EXERCISE AIM:
In the entries that follow, find the line containing "Upon pathogen infestation, plants" and the line containing "ミッション 排気量 |", then copy exactly everything from the first through the second except the pictures.

START RAW DATA

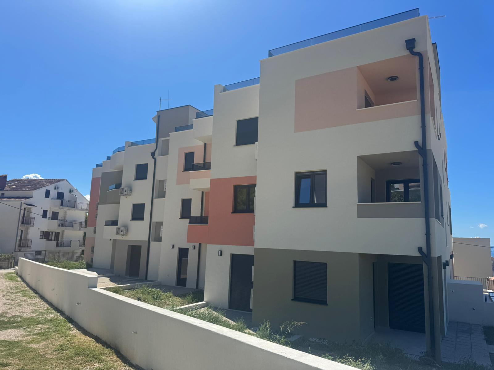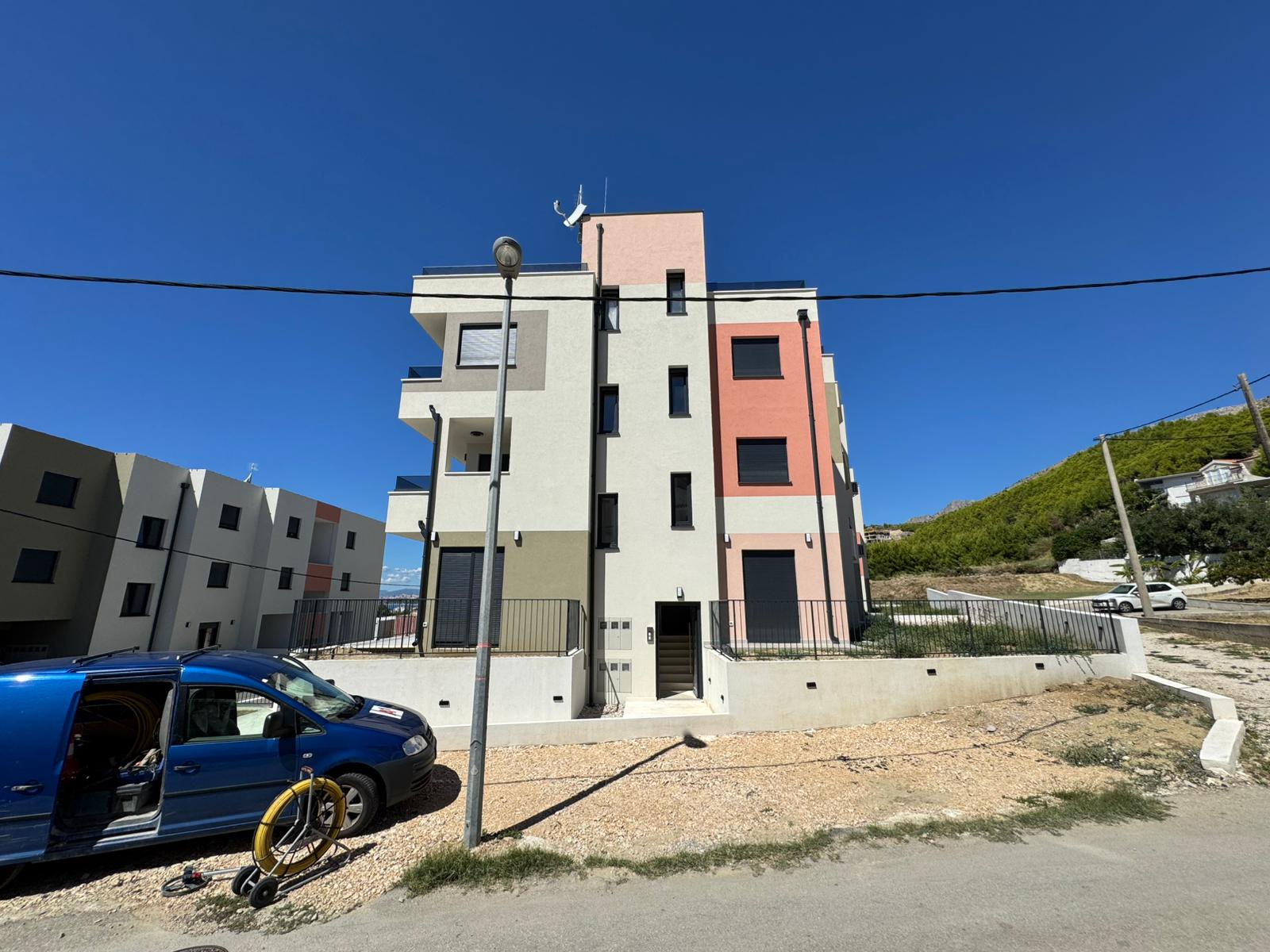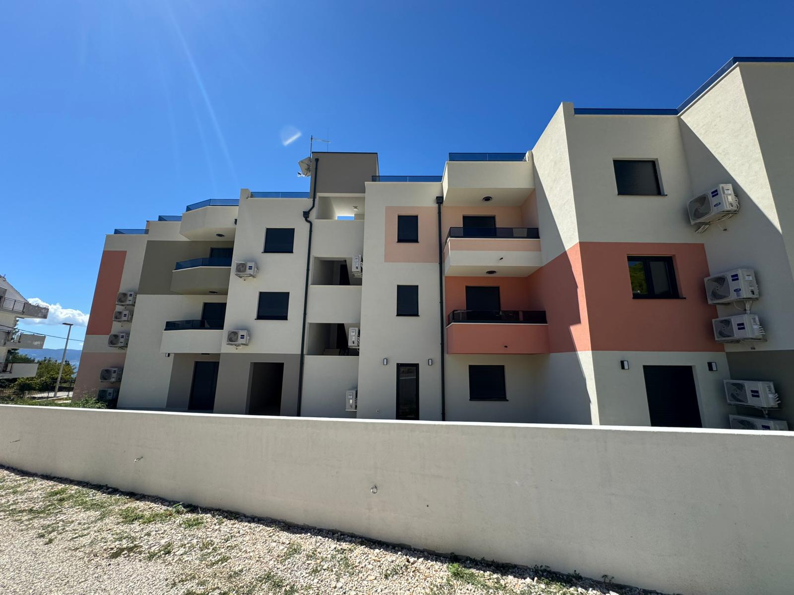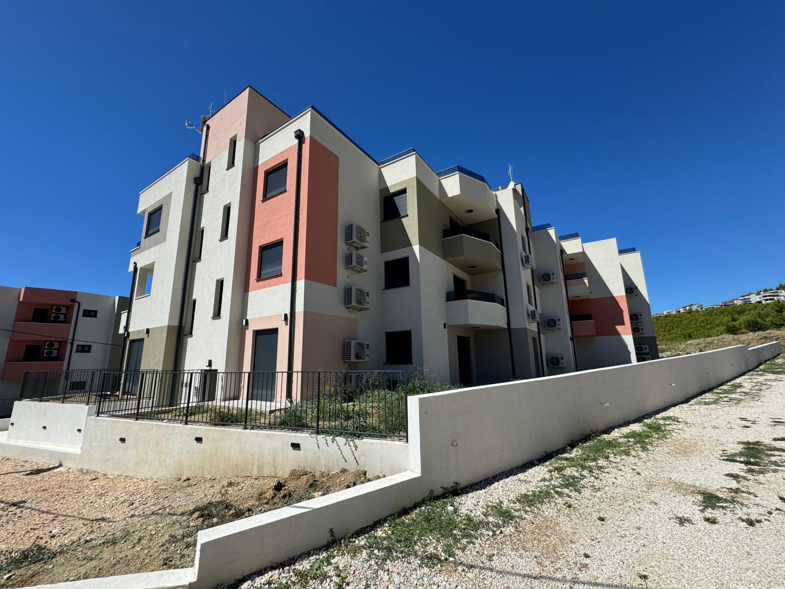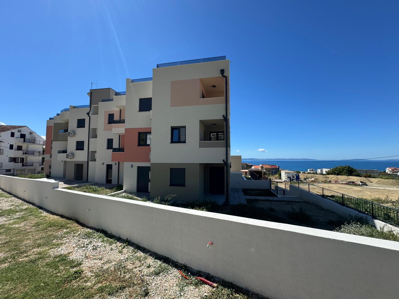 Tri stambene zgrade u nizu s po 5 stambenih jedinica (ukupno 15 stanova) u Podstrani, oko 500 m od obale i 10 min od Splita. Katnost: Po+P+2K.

END RAW DATA
START RAW DATA

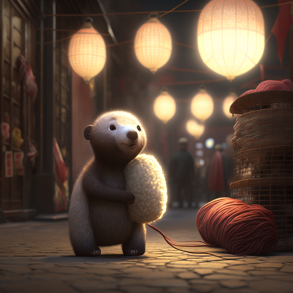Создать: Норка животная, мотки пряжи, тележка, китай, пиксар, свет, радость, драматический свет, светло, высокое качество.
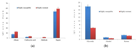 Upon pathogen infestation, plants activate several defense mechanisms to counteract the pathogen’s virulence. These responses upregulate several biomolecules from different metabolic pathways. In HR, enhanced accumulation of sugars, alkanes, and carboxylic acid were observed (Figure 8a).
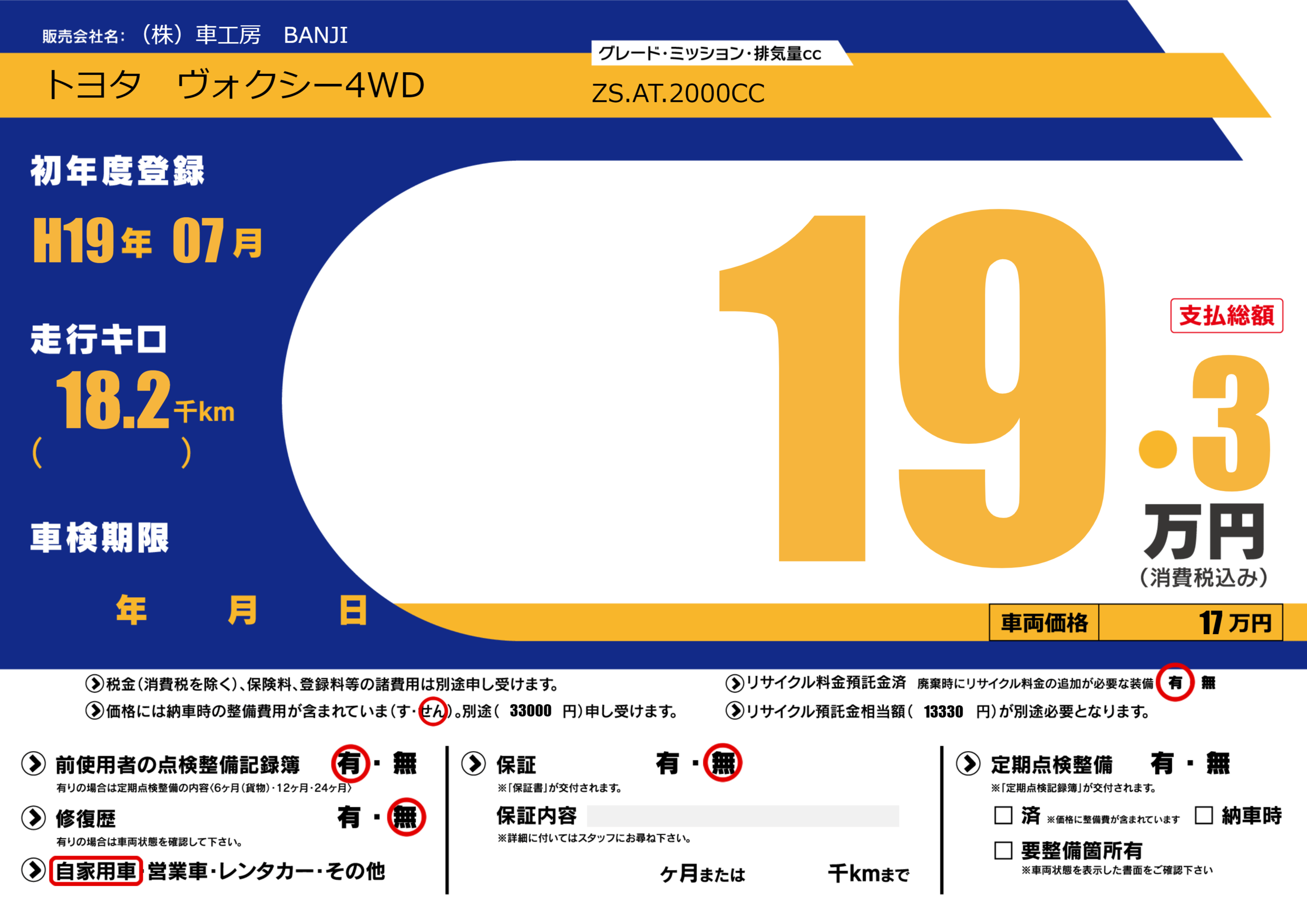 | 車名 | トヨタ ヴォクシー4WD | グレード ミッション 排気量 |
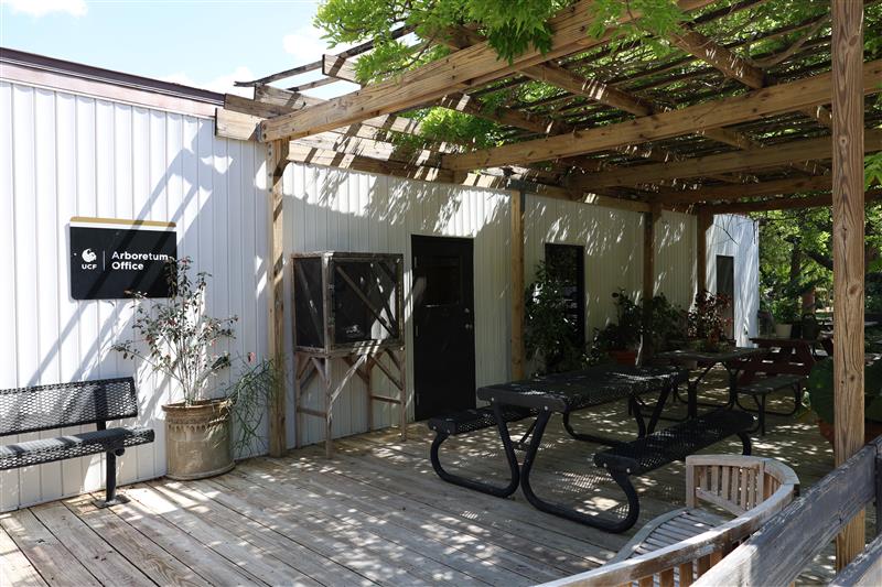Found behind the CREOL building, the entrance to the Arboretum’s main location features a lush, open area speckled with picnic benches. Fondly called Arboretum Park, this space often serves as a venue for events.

END RAW DATA
START RAW DATA

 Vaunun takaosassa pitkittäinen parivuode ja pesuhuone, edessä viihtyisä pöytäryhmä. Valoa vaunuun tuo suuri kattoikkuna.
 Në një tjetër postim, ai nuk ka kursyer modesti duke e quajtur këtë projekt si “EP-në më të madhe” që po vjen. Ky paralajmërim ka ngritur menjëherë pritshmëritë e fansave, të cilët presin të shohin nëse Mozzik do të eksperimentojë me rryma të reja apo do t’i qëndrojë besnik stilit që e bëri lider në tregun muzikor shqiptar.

END RAW DATA

SOLUTION:
 Upon pathogen infestation, plants activate several defense mechanisms to counteract the pathogen’s virulence. These responses upregulate several biomolecules from different metabolic pathways. In HR, enhanced accumulation of sugars, alkanes, and carboxylic acid were observed (Figure 8a).
 | 車名 | トヨタ ヴォクシー4WD | グレード ミッション 排気量 |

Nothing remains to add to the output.